(Records drawn from a dataset)
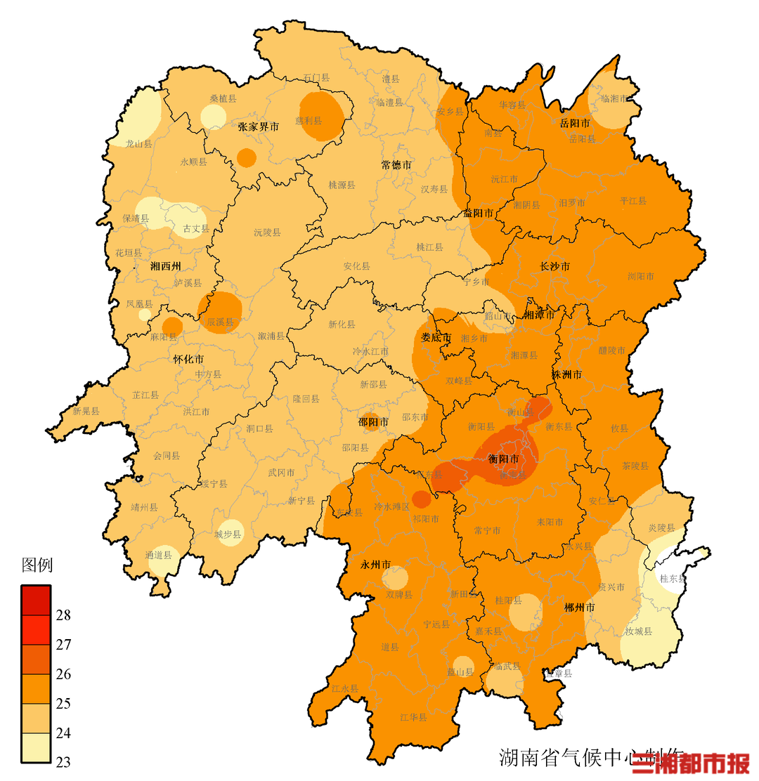 三湘都市报·新湖南客户端8月30日讯(全媒体记者 李致远 通讯员 林城)8月30日,记者从湖南省气象台、湖南省气候中心了解到,预计我省岳阳、长沙、湘潭、株洲、衡阳、永州、郴州等地区的9月平均气温为25~27℃,其他地区为23~25℃;和常年同期相比,全省大部地区气温偏高1℃左右。
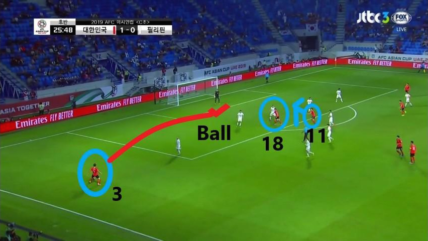 - '김진수'(3번)가 좌측면에서 골문 앞으로 크로싱(Crossing)할 시 상대 수비수의 집중 견제를 받고있는 '황의조'(18번)는 수비수와 함께 골문으로 이동함. 선수의 이동으로 생긴 빈공간을 '황희찬'(11번)이 침투하면서 헤더(Header) 기회를 노리는 움직임을 보임.
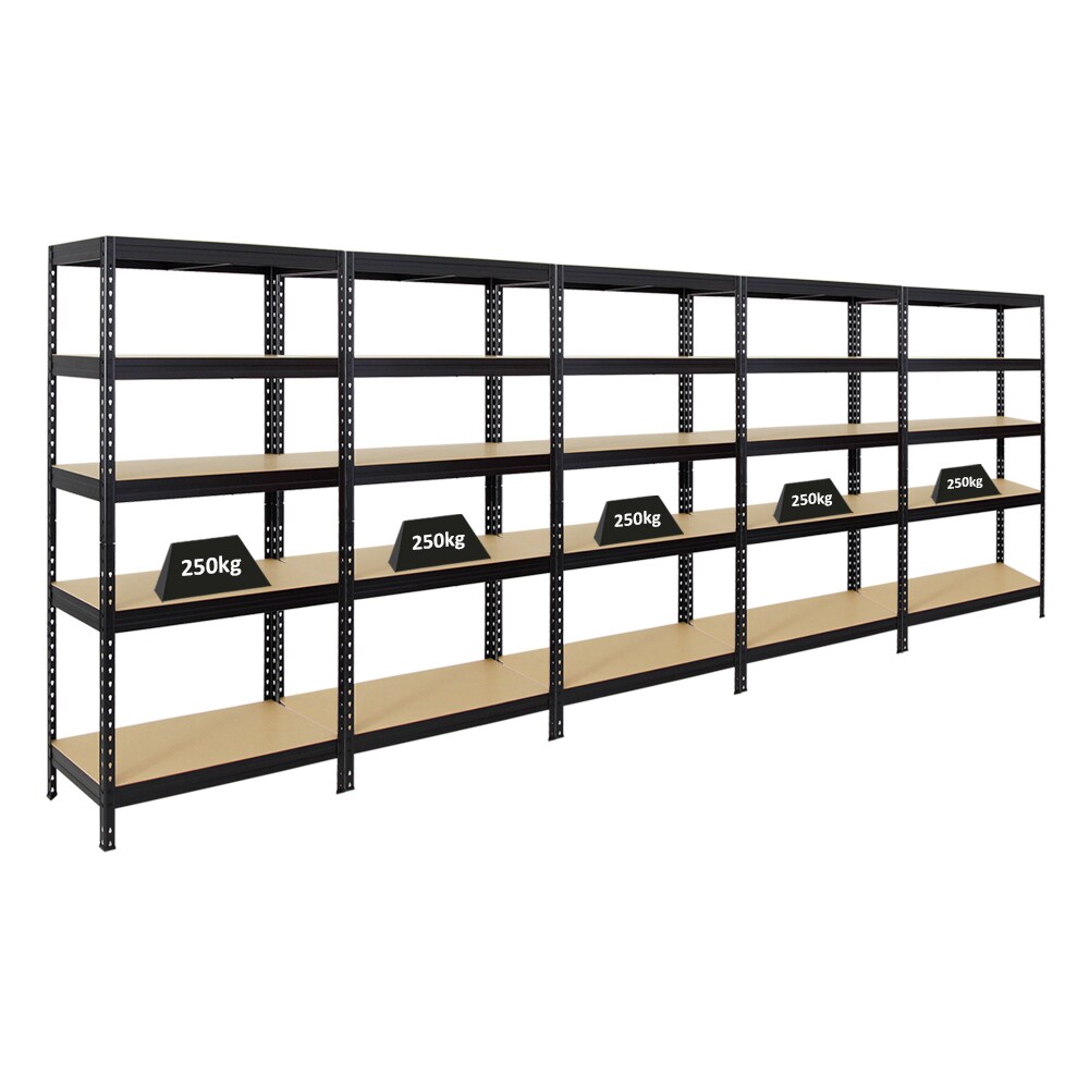 PROREGAL Mega Deal 5er-Set Schwerlastregal Rivet | HxBxT 180x90x45cm | Fachlast 250kg | Schwarz | Innovatives Stecksystem, Lagerregal, Kellerregal
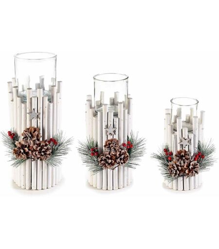 Centrotavola Natalizi con vasi portacandela, decorati con legnetti bianchi, rametti di pino e pigne In confezione da 3 vasi, assortiti in 3 diverse misure, da usare per addobbare la casa in occasione delle festività o come idea regalo per Natale Dimensioni in centimetri: Vaso grande base 20 x profondità 15 x altezza 38, bicchiere portacandela diametro 10,5 x altezza 11 Vaso medio base 17 x profondità 13,5 x altezza 32,5, bicchiere portacandela diametro 8,5 x altezza 9 Vaso piccolo base 11,5 x profondità 15 x altezza 25,5, bicchiere portacandela diametro 6,5 x altezza 7 ...
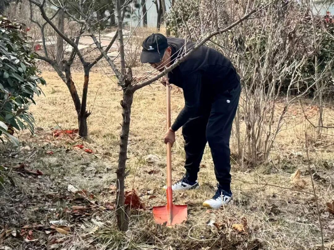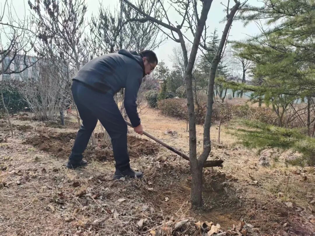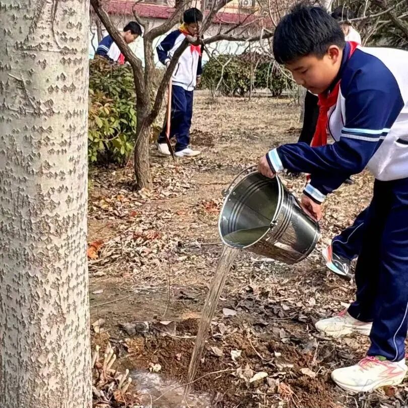 活动中,队员们分组开展松土围坑、浇水养护、悬挂护绿宣传卡片等工作,还主动整理清洗劳动工具、捡拾校园垃圾,清理卫生死角,展现出良好的精神风貌。活动最后,全体志愿者在养护的树木旁合影留念,定格劳动瞬间。

EXERCISE BRIEF.
Begin at the line containing "PROREGAL Mega Deal" and stop at the last line of the data. Repeat only those lines, exactly, and leave out the pictures.

REPLY.
 PROREGAL Mega Deal 5er-Set Schwerlastregal Rivet | HxBxT 180x90x45cm | Fachlast 250kg | Schwarz | Innovatives Stecksystem, Lagerregal, Kellerregal
 Centrotavola Natalizi con vasi portacandela, decorati con legnetti bianchi, rametti di pino e pigne In confezione da 3 vasi, assortiti in 3 diverse misure, da usare per addobbare la casa in occasione delle festività o come idea regalo per Natale Dimensioni in centimetri: Vaso grande base 20 x profondità 15 x altezza 38, bicchiere portacandela diametro 10,5 x altezza 11 Vaso medio base 17 x profondità 13,5 x altezza 32,5, bicchiere portacandela diametro 8,5 x altezza 9 Vaso piccolo base 11,5 x profondità 15 x altezza 25,5, bicchiere portacandela diametro 6,5 x altezza 7 ...
 活动中,队员们分组开展松土围坑、浇水养护、悬挂护绿宣传卡片等工作,还主动整理清洗劳动工具、捡拾校园垃圾,清理卫生死角,展现出良好的精神风貌。活动最后,全体志愿者在养护的树木旁合影留念,定格劳动瞬间。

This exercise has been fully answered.